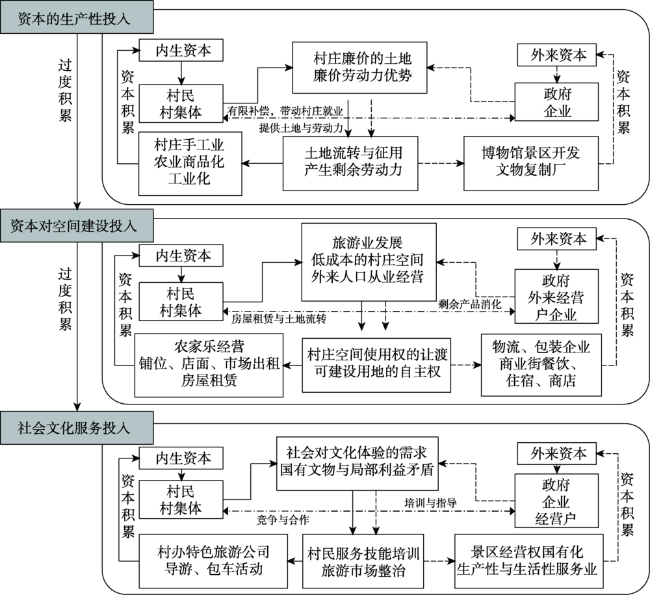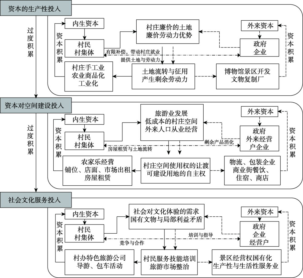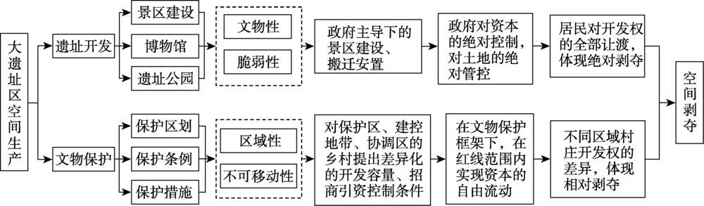 As more than 80% of the sites in the list of China's Great Relics Sites are located in suburban or rural areas, relics protection and tourism development will inevitably affect the rural social space around the heritage areas. Analysis of the patterns of social and economic development is the key to achieving the rural revitalization strategy. This study took the heritage area of Qin Shihuang Mausoleum as a case study area and used questionnaire, face-to-face interview, field survey, and other methods to examine the development of rural society around the area in the past 30 years. The study transformed the traditional society-space binary opposition analysis and constructed the society-space dialectical analysis method based on the Space Production Theory and David Harvey's Capital Circulation Theory to explore the mutual feedback mechanism of society and space in the countryside around the heritage area of the Qin Shihuang Mausoleum under the influence of capital. The results show that: 1) The flow of capital to the optimal location results in the differentiation of rural social space in the study area. Due to the differences in the natural environment, traffic conditions, constraints of protection zones, and the distance from the developed heritage sites, the selective investment of capital has resulted in the differentiation of rural social space in the heritage area. 2) The adjustment of rural production mode is the internal driving force of the evolution of social space in the heritage area. Under the framework of cultural relic protection, rural social space production in the relics area is a process in which the positive externality of tourism development promotes the capital flow to adjust the rural production mode, thereby affecting the social relations. 3) The government policy to the restriction of capital access in the heritage area is an external factor. The vulnerability of cultural relics in the heritage area determines that the government's strong intervention must be guaranteed in the process of display and utilization. The transformation of rural production mode that may lead to the conflict between protection and development requires the intervention of the governments, further affecting the adjustment of rural production mode. The spatial production of rural social space in the heritage area is a process of dynamic evolution and spiral rise. Only by the effective management of the government and reasonable participation of the market and rural community can we guarantee the rational development and transformation of rural communities in the heritage area.
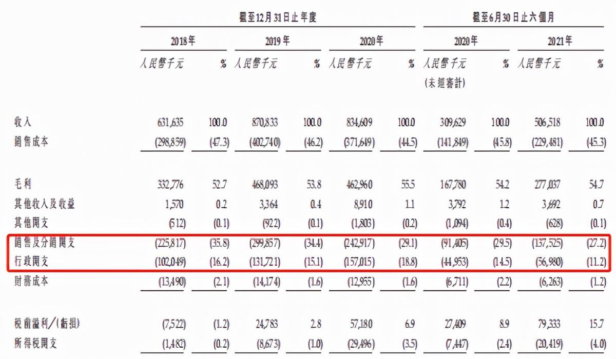 報告期內(nèi),該公司的銷售及分銷開支分別為2.26億元、3億元、2.43億元和1.38億元,分別占當期總營收的35.8%、34.4%、29.1%和27.2%;行政開支分別占同期總營收的的16.2%、15.1%、18.8%、14.5%及11.2%。
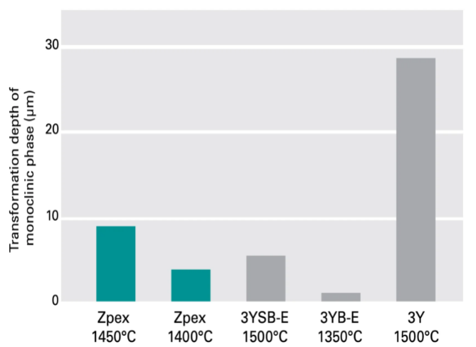A等級(jí)含有3 mol% 氧化釔和 20 wt% 氧化鋁,該產(chǎn)品經(jīng)過(guò)熱等靜壓后具有極高的機(jī)械強(qiáng)度,非常適合生產(chǎn)高強(qiáng)度、高耐水性用途的工業(yè)用零部件。 |
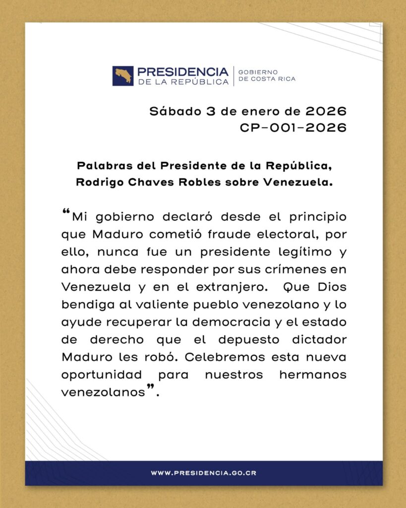 Que Dios bendiga al valiente pueblo venezolano y lo ayude recuperar la democracia y el estado de derecho que el depuesto dictador Maduro les robó. Celebremos esta nueva oportunidad para nuestros hermanos venezolanos”.
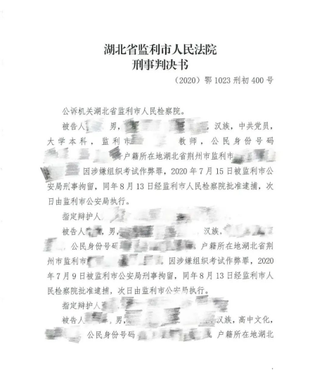 最高人民法院近日发布依法惩治组织考试作弊犯罪典型案例,湖北法院审理的“陈某等人组织考试作弊、非法获取国家秘密案”入选。法治日报全媒体记者从湖北法院了解到该案详情:作为监考人员的一名80后老师联合高校大三在校生和一名高中毕业生共同组织实施。

**What you are asked to do**
Reproduce the lines from the one holding "報告期內(nèi),該公司的" through the end of the entries above exactly, keeping both ends and dropping every picture.

**Finished task**
 報告期內(nèi),該公司的銷售及分銷開支分別為2.26億元、3億元、2.43億元和1.38億元,分別占當期總營收的35.8%、34.4%、29.1%和27.2%;行政開支分別占同期總營收的的16.2%、15.1%、18.8%、14.5%及11.2%。
A等級(jí)含有3 mol% 氧化釔和 20 wt% 氧化鋁,該產(chǎn)品經(jīng)過(guò)熱等靜壓后具有極高的機(jī)械強(qiáng)度,非常適合生產(chǎn)高強(qiáng)度、高耐水性用途的工業(yè)用零部件。 |
 Que Dios bendiga al valiente pueblo venezolano y lo ayude recuperar la democracia y el estado de derecho que el depuesto dictador Maduro les robó. Celebremos esta nueva oportunidad para nuestros hermanos venezolanos”.
 最高人民法院近日发布依法惩治组织考试作弊犯罪典型案例,湖北法院审理的“陈某等人组织考试作弊、非法获取国家秘密案”入选。法治日报全媒体记者从湖北法院了解到该案详情:作为监考人员的一名80后老师联合高校大三在校生和一名高中毕业生共同组织实施。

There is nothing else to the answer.